— Так что же ты советуешь? — спросил вдруг Петр, упершись руками в борта лодки. — Извиниться, что ли, мне перед Сазоновым?
Роман Филиппович опустил весла, выпрямился.
«Значит, действительно хитрил, — подумал он, поглядывая в возбужденное лицо зятя. — Ну что же, тем лучше». И он без всяких предисловий сказал:
— Если ты считаешь, что Юрий действительно клеветник, тогда извиняться незачем. Но доказать нужно.
— А он докажет, что тяговые двигатели испортил я?
— О двигателях разговор особый.
— Тогда зачем он вмешивается?
— Но он же не оскорбил тебя.
— Зато поджег, разозлил.
— Это возможно, — согласился Роман Филиппович.
Петр не ожидал такого ответа.
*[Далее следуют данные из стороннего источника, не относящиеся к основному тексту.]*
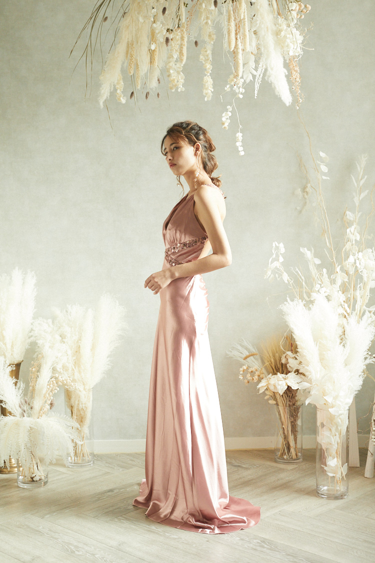 ウエスト肩ビジュースモーキーピンクサテンロングドレス

Он думал, что тесть начнет защищать Сазонова, и приготовился, как всегда, обвинить его в преднамеренной несправедливости. Но неожиданно пришлось поджать губы. Роман Филиппович заметил замешательство зятя и достал из кармана пачку «Казбека».
— Давай-ка закурим.
Неторопливо попыхивая папиросой, он продолжал:
— Не в том дело, Петр, кто перед кем извиниться должен. Извиниться не трудно. Важно другое: верит каждый из нас в коллектив или нет? В коллективе, я понимаю, должно быть все едино. Индивидуализм, он к добру еще никого не приводил.
— Индивидуализм? — поморщился Петр. — Словечко-то какое мудреное.
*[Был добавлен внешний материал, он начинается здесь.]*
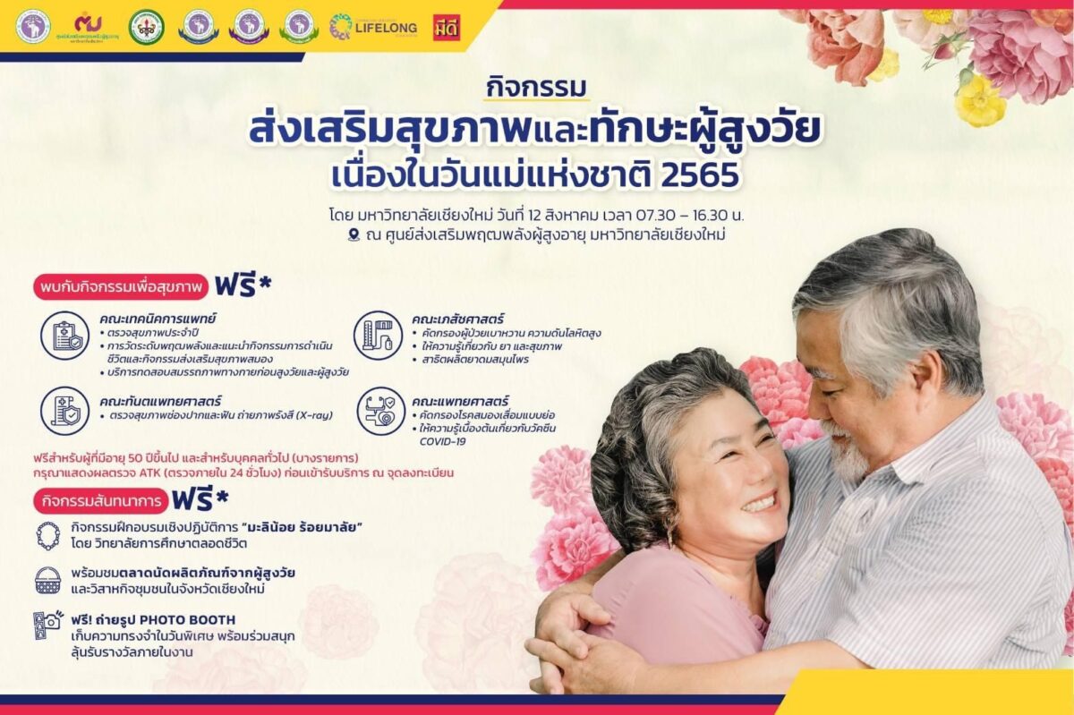 วันศุกร์ที่ 12 สิงหาคม 2565 ชวนมา #บอกรักแม่ ด้วยการดูแลสุขภาพใน ‘กิจกรรมส่งเสริมสุขภาพและทักษะผู้สูงวัย เนื่องในวันแม่แห่งชาติ 2565’ พบกับหลากหลายบริการและสันทนาการเพื่อเติมเต็มคุณภาพชีวิตที่ดีของผู้สูงวัย โดยศูนย์ส่งเสริมพฤฒพลังผู้สูงอายุ มหาวิทยาลัยเชียงใหม่ ร่วมกับ คณะแพทยศาสตร์ คณะเทคนิคการแพทย์ คณะทันตแพทยศาสตร์ คณะเภสัชศาสตร์ และวิทยาลัยการศึกษาตลอดชีวิต มหาวิทยาลัยเชียงใหม่

— И амбиция вдобавок, — сказал Роман Филиппович.
— При чем тут амбиция, — обиделся Петр. — Характер у меня такой.
— Характер, говоришь? — пытливо переспросил Роман Филиппович. — А у Юрия что же, извиняюсь, характера нет? Он вон как с отцом на собрании сразился! Но из дома не убежал. Спор, конечно, у них и сейчас идет, но в открытую, без всякой тайной злобы. А у нас что? — Роман Филиппович с натугой вздохнул. — У нас и спора вроде большого нет, а злость, хоть в вагоны грузи. Как хочешь, Петр, нельзя нам дальше так жить. Родня мы с тобой или нет, скажи на милость?
Чуть ощутимым движением воздуха лодку медленно относило к берегу. В отстоявшейся зеленоватой воде играли крупные голавли. Они все время увивались возле лодки, словно старались подслушать, о чем говорят люди. Петр не выдержал, выхватил изо рта недокуренную папиросу и со злостью бросил ее в нахальных рыб. Дубков прищурился и, взявшись за весла, опять вывел лодку на середину старицы.
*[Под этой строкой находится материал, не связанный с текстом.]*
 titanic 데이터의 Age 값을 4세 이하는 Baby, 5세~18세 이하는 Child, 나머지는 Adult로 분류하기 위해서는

— А еще, Петр, я вот что хочу тебе сказать, — начал он после длительной паузы. — Переходи-ка ты жить обратно на Семафорную. И тебе с Лидой удобнее, и нам с матерью повеселей будет.
Из чащи по-прежнему доносился голос кукушки. Только теперь птица не просто куковала, а словно поддакивала Роману Филипповичу: «У-гу, у-гу, у-гу».
— Значит, новую квартиру бросить? — настороженно спросил Петр.
Дубков ответил:
— Чего же тут страшного.
— Так она же мне вроде премии выделена.
— Не тебе она была выделена, — сказал Роман Филиппович, — а Тамаре Васильевне Белкиной.
Петр долго смотрел на тестя, соображая, правду говорит он или нет?
— Да, да, — продолжал Роман Филиппович, — я был тогда в рабочей комиссии. О тебе даже разговор не шел. Но потом в списке вдруг оказался ты…
— Не сам же я вписал себя, — обиделся Петр.
— Понятно, что не сам. Но и не комиссия…
— В чем же ты винишь меня?
— Я не виню, а советую…
Опять наступило молчание. Петр зачерпнул ладонями воду и полил себе на голову. Потом он перегнулся за борт и стал окатывать водой лицо, грудь, плечи. А когда выпрямился, сказал с усилием:
— Все, конец, завязываю. А что было, забудем. Хорошо?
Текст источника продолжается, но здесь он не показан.